Notification_Spec.mem (u,e) result.subscriptions <->
EventMap.mem e s.subscriptions_ /\ mem u (s.subscriptions_ e) }
ensures { forall u :user, e :event.
Notification_Spec.mem (u,e) result.notifications <->
UserMap.mem u s.notifications_ /\ mem e (s.notifications_ u) }
val state : stateT
The type definition includes two invariants. These are not meant as high-level properties, but rather, crucially, as implementation invariants to ensure an adequate realization of binary relations: (user, event) pairs should not occur more than once.
Note also that the view function is specified by means of two postconditions (which is equivalent to writing two axioms for it). Since the maps used in the implementation are finite (and will be extracted to hash tables), lookup operations require checking that the key is in the domain.
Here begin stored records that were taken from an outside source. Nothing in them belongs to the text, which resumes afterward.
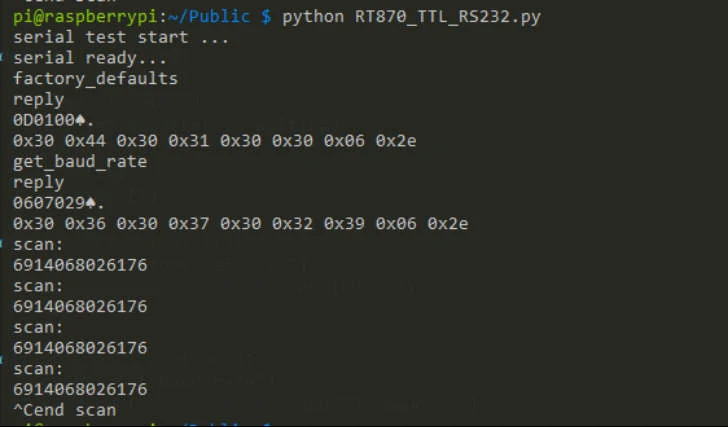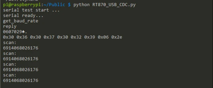 If we want to use the USB port and make it work as a virtual serial port, set up the RT870 to USB Com port emulation mode. And the RT870 scanner will be detected as a COM device in Raspberry Pi.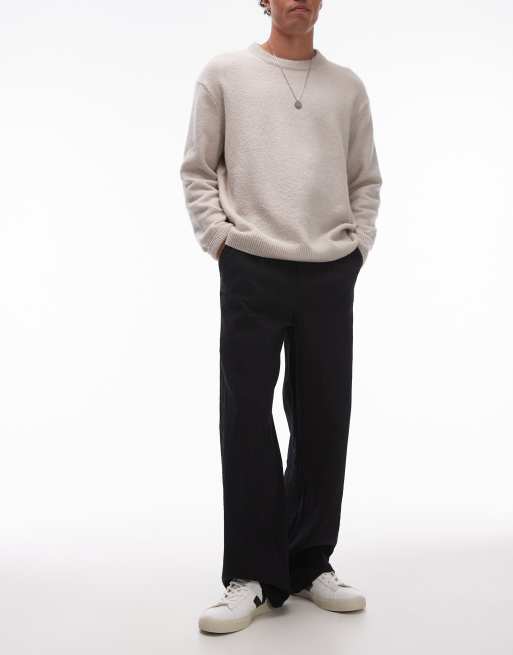 Topman wide leg textured pants in black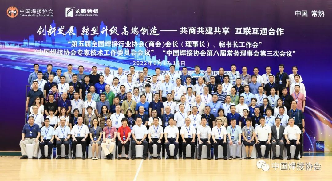 2022年6月18日,由中國焊接協(xié)會主辦,常熟市龍騰焊材科技有限公司承辦的第五屆全國焊接行業(yè)協(xié)會(商會)會長(理事長)、秘書長工作會議,中國焊接協(xié)會專家技術(shù)工作委員會會議在常熟召開。常熟市人民政府副市長李漢中、中國焊接協(xié)會副會長兼秘書長李連勝、常熟市龍騰特種鋼有限公司黨委書記、董事長季丙元,中國焊接協(xié)會副會長龍偉民、樊險峰、劉長城、葉德平、謝偉新、張寧紅,中國焊接協(xié)會表面工程與增材制造工作委員會理事長劉振英、中國焊接協(xié)會監(jiān)事王春生、中國焊接協(xié)會副秘書長林曉輝、方乃文等全國各省市地方行業(yè)組織,中國焊接協(xié)會分支機構(gòu)理事長、秘書長,以及國內(nèi)焊接行業(yè)骨干企業(yè)領導、專家共計134人出席了本次會議。本次會議主題為“創(chuàng)新發(fā)展 轉(zhuǎn)型升級 高端制造”。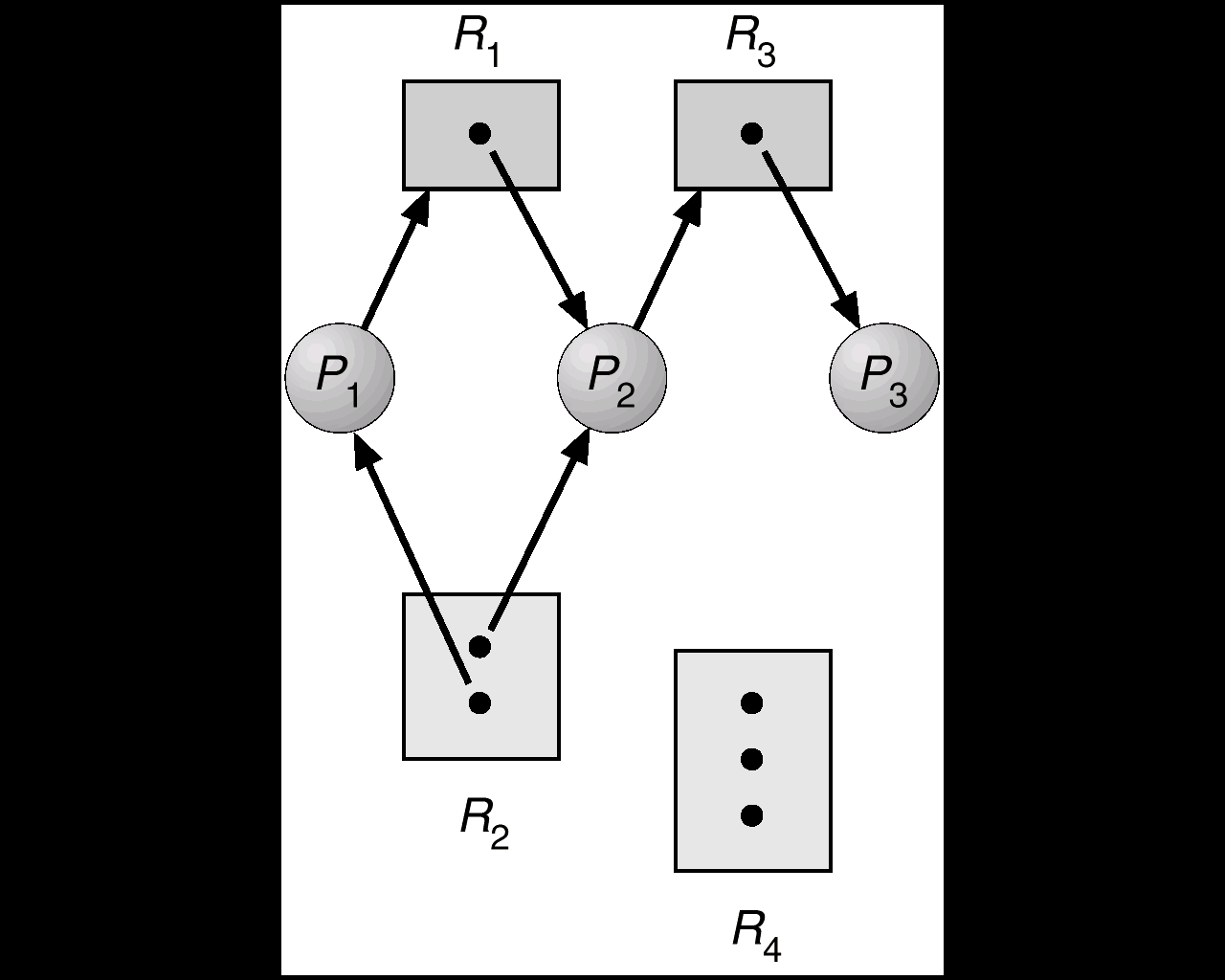 - Quá trình P2 đang giữ một thể hiện của loại tài nguyên R1 và R2 và đang chờ một thể hiện của loại tài nguyên R3.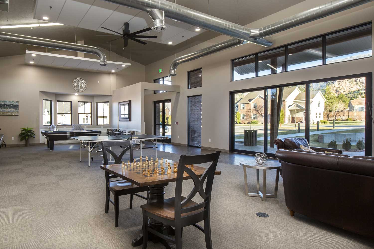 This new 6,356 square foot building on the Mountain Springs Preparatory Academy campus was built to inspire an active student population. The purpose driven design includes a music recording studio, art room for painting and pottery, multipurpose room for seminars, game room, reading nook, movie theater, kitchenette, plus indoor-outdoor gathering spaces, a double sided indoor-outdoor fireplace, and two sets of multiglide sliding glass doors. This spacious building design is very energy efficient with an amazing view!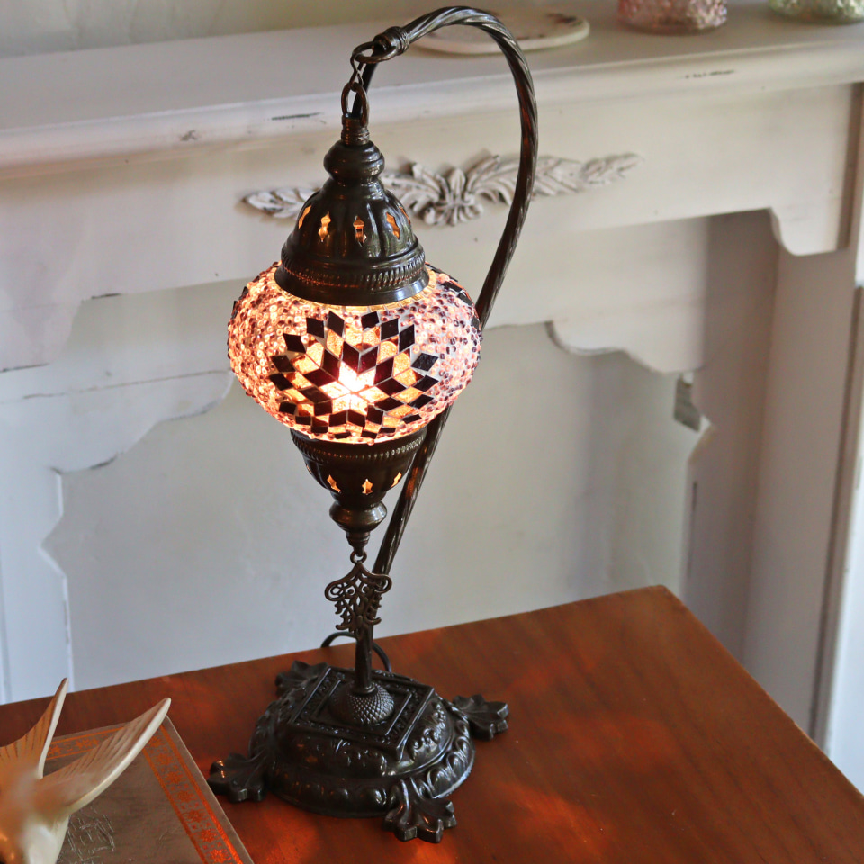 トルコランプ モザイクテーブルランプ ハンギング 全高42cm 横幅23cm パープル/ピンク E17

The subscribe action function must check if there exists already an entry for the event e in the subscriptions dictionary, and create one if not. Then u can be pushed to that list:
let subscribe (u:user) (e:event)
requires { not mem u (state.subscriptions_ e) }
ensures { subscribe_spec u e (old view state) (view state) }
=
if not (EventMap.mem e state.subscriptions_)
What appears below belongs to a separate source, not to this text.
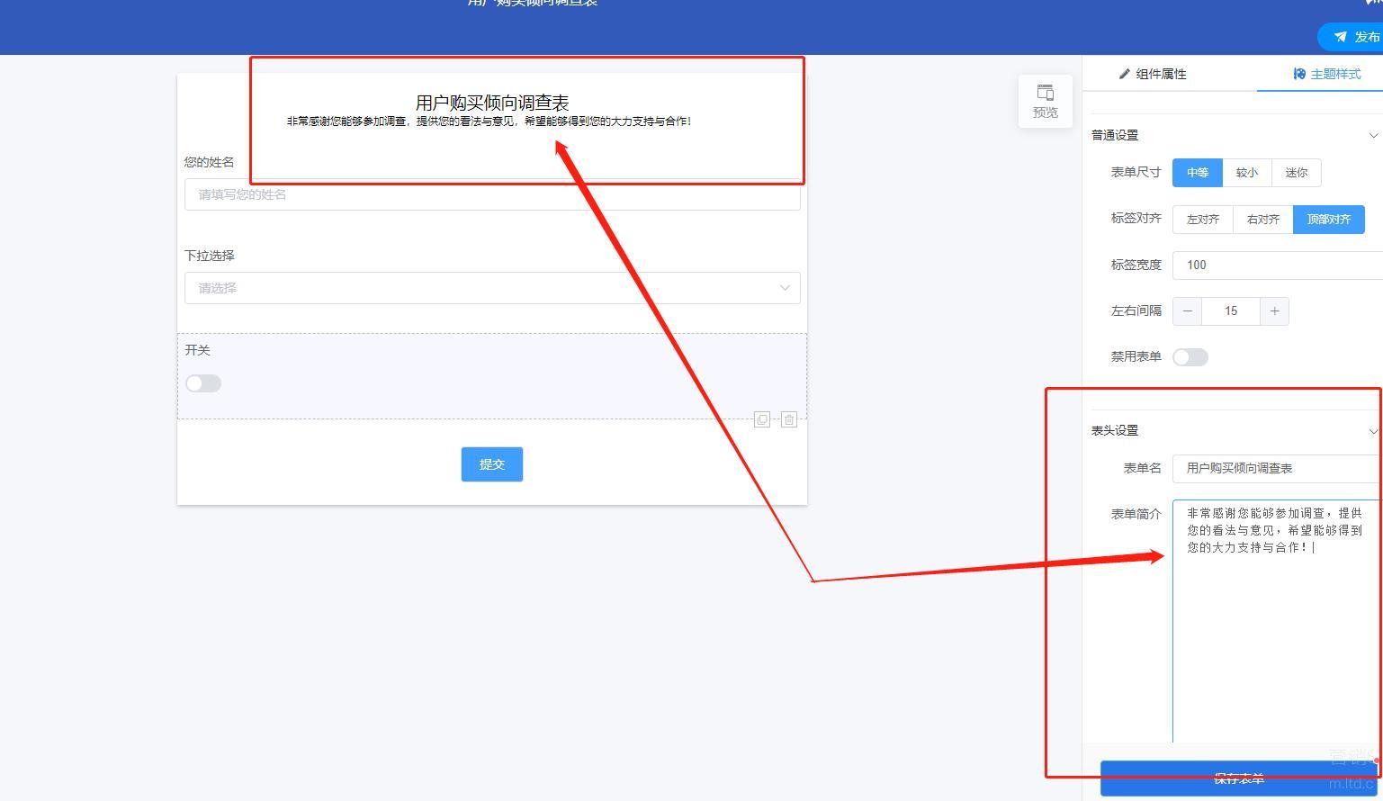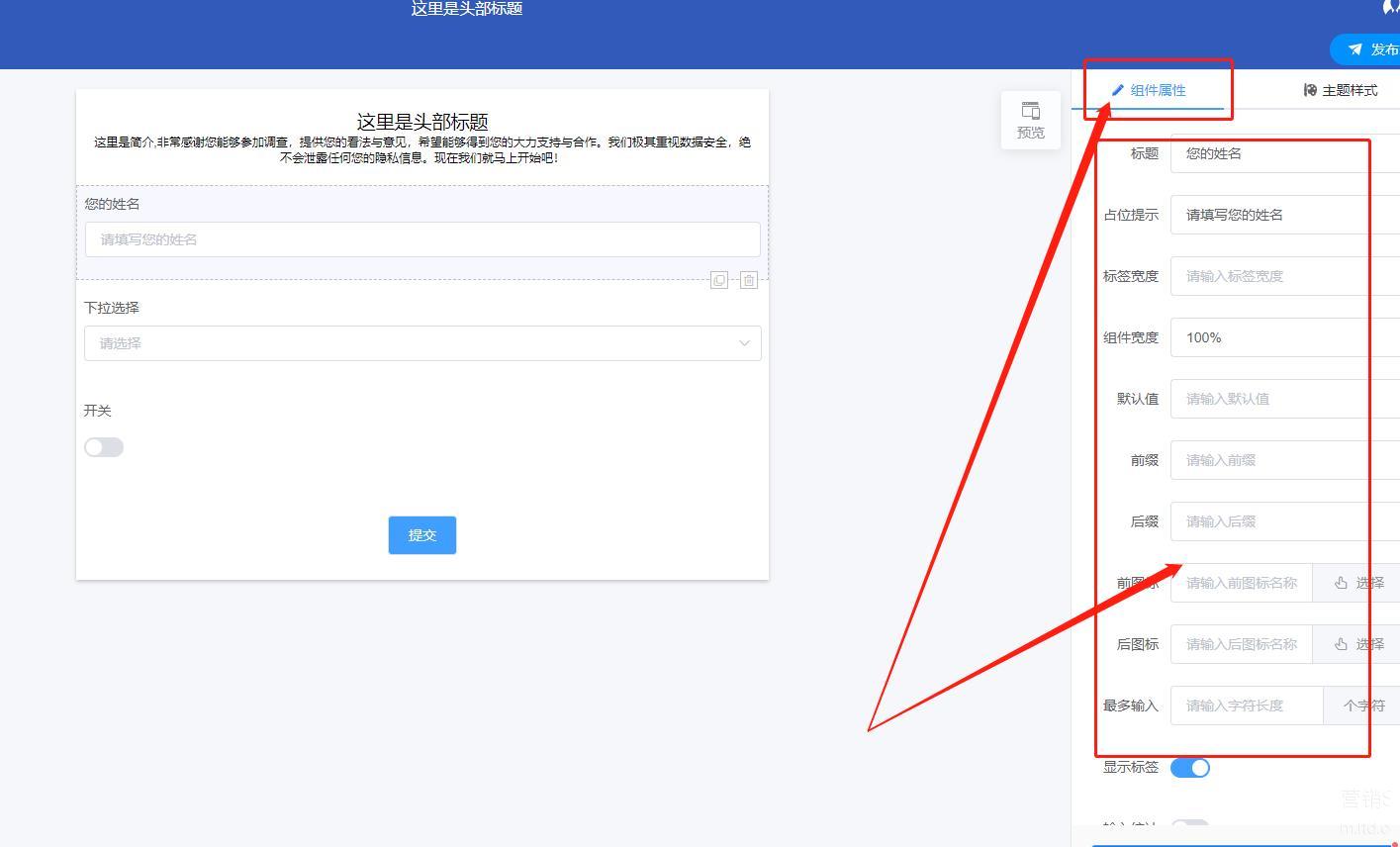 整个表单的表头设置也在这一栏中,点击任意组件的主题样式都可对其进行修改;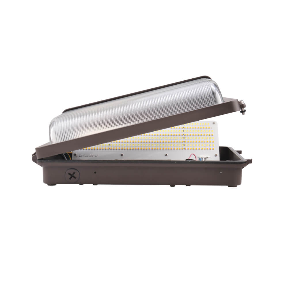 ETi SSL's Modern Wall Packs have shallow backboxes and textured tempered glass, providing a soft, diffused light quality. These versatile wall packs have 3 selectable CCTs and Wattages, with hinged housing for easy access to wiring and CCT and Wattage switches.

then EventMap.add e Nil state.subscriptions_ ;
let updsubs = Cons u (EventMap.find e state.subscriptions_) in
EventMap.add e updsubs state.subscriptions_
Note the presence of a precondition, required to ensure that the type invariant is preserved .
And here is a possible implementation of unsubscribe . Observe that the user may not have any notifications (and an entry in the notifications dictionary) at this point:
let unsubscribe (u:user) (e:event)
requires { EventMap.mem e state.subscriptions_ /\ mem u (state.subscriptions_ e) }
ensures { unsubscribe_spec u e (old view state) (view state) }
=
let updsubs = delete u (EventMap.find e state.subscriptions_) in
EventMap.add e updsubs state.subscriptions_ ;
if UserMap.mem u state.notifications_ then
let updnotifs = delete e (UserMap.find u state.notifications_) in
UserMap.add u updnotifs state.notifications_
An alternative implementation might not assume that user u subscribes to event e . This is ok, but the function must then check if an entry of e exists in the state.subscriptions_ dictionary:
let unsubscribe (u:user) (e:event)
ensures { unsubscribe_spec u e (old view state) (view state) }
=
if EventMap.mem e state.subscriptions_ then
let updsubs = delete u (EventMap.find e state.subscriptions_) in
EventMap.add e updsubs state.subscriptions_ ;
if UserMap.mem u state.notifications_ then
let updnotifs = delete e (UserMap.find u state.notifications_) in
UserMap.add u updnotifs state.notifications_
Both are correct with respect to the specification, which shows an example of a design choice made at implementation time.
The read action becomes trivial: it suffices to erase all elements in the notifications list of u, which can be done atomically.
let read (u:user)
ensures { read_spec u (old view state) (view state) }
=
UserMap.add u Nil state.notifications_
Finally, the occur function illustrates the practicality of being able to directly access the list of subscribers of a given event. **notify_users** is a helper function (see permalink for definition).
let occur (e:event) : ()
requires { EventMap.mem e state.subscriptions_ }
ensures { occur_spec e (old view state) (view state) }
=
let users = EventMap.find e state.subscriptions_ in
notify_users users e ;
Or alternatively (and defensively):
let occur (e:event) : ()
ensures { occur_spec e (old view state) (view state) }
=
if EventMap.mem e state.subscriptions_ then
let users = EventMap.find e state.subscriptions_ in
notify_users users e ;
The complete example is available in the permalink.